The Eastern liberal establishment hated Donald Trump more for what he was that for what he did. While they carped and whinged about his misogyny, racism, and homophobia, they really hated his unapologetic crass bourgeois image and appeal. The elite of Boston, New York and Washington had something more ‘presidential’ in mind. A man of reserve, thoughtfulness, compassion, and respect – not this bellowing showman with no respect for anyone or anything. They simply couldn’t get over how a real American – lowdown lover of trinkets, lawn furniture, patios, and inflatable pools – could have gotten to the Oval Office.
Now America is paying the price for such lowbrow exuberance. Joe Biden is one of the dullest, bumbling, uncertain, hobbled and led president in recent history. No one listens to his speeches or press conferences, so scripted are they that nothing of any interest can possibly happen. He runs his administration on race, gender, ethnicity and giveaway, catering to his progressive shills on Capitol Hill; hopes that he won’t stumble badly before the next election; and goes to bed early.

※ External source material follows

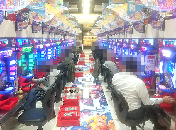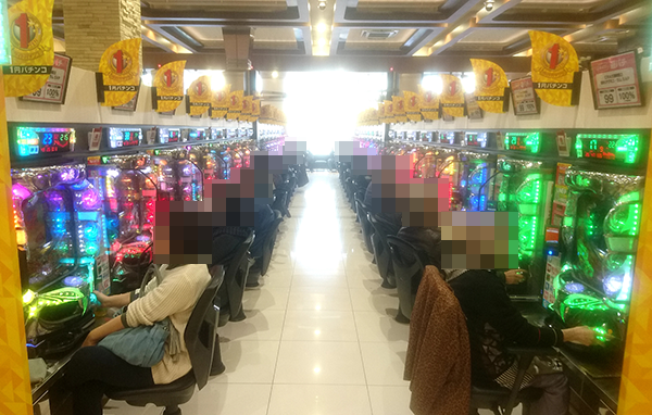 パチンコとパチスロの低貸し玉コーナーもにぎやかな雰囲気。

No penance for Trump-love was this harsh.
The French have always known that America was a profoundly cultureless, bourgeois, petty society. They are la fille ainee de l’Eglise the country that saved Europe from the Saracen Muslim invaders, the guarantor of civility, culture, and logic, and the caretaker of thousands of years of storied history. America? A Johnny Come Lately wall flower, tarted up and pimped out in rhinestones and sequins, hoping to make a splash. Pay attention to their money and nothing else say the aristocratic elite.
We Americans don’t care, for we are proud of our humble beginnings and our love affair with image, glitter, and show. We are still the country where every refugee and his brother want to come, land of opportunity to make money and to spend it on things that look great.